As the fruit reaches maturity, the skin becomes loose (separating a bit from the pulp) and the surface is rougher. The color of the ripe fruits can vary according to the climate. In humid regions, the fruit can be ripe even while still green, and a reddish-orange hue is possible when nighttime temperatures are low.

Since the rinds are loose, it is better to cut the fruit off the tree rather than pluck it. Damaging the husk during harvest will cause rapid deterioration. Of all citrus fruits, a satsuma is one of the most delicate, and care must be taken when handling it.

How to Grow Satsumas in Pots

Although satsuma trees can grow up to 20 feet tall, they can be trained to be smaller and can be grown in containers. Keeping your pruned ripe satsuma at about 5 or 6 feet tall and wide is a good rule of thumb.

The main benefit of planting satsumas in containers is that they can be moved indoors during the fall and winter. Placed near a sunny window and watered regularly (spray the leaves to keep humidity high as internal heat has a drying effect), your satsuma will produce tasty fruit for you during the cold months.

Pruning

As satsuma trees have a habit of growing prostrate, pruning is essential to prevent hanging fruits from touching the ground. The best time to prune your tree is in early spring, after the danger of frost.

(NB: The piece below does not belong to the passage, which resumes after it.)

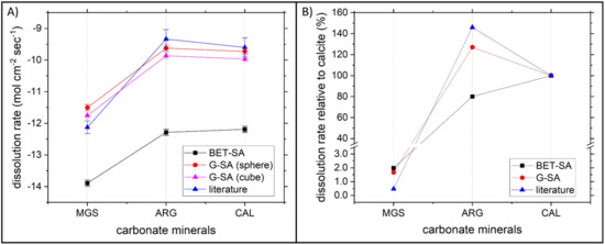 (A) Dissolution rates of MGS, ARG and CAL normalized by the surface area. Two geometrical surface areas are reported (sphere and cube approximations) together with BET surface area and literature values [30,31,32]. (B) Dissolution rate of MGS and ARG normalized with respect to CAL.
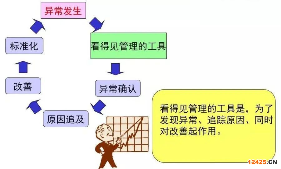 只要走到現(xiàn)場一看,不管是誰都可以很清楚的指出問題點(diǎn)和對策的要點(diǎn),這就是現(xiàn)場的一種管理方法。

Prune branches that grow less than 18 inches from the ground. Remove leaf debris from under trees to help keep trees clean and disease-free.

Propagating Satsumas

You can propagate satsumas from hardwood cuttings using rooting talc, but the usual way to grow them is by grafting, as with most fruit trees. The best time to get seedlings is in summer, during active growth.

Satsumas grown from seedlings will remain tender and vulnerable for the first two years, so wait before planting them outdoors. It is important to know that US citrus crops can be susceptible to certain site-specific diseases, and the USDA recommends that you do not move or transplant citrus trees from one state to another.

Common Pests and Diseases

Although satsuma trees are hardy compared to some other citrus varieties, they can be prone to a fungal disease called sour orange peel. This causes damage to leaves, branches, and fruits. Fortunately, this generally does not affect the quality of the fruit's pulp.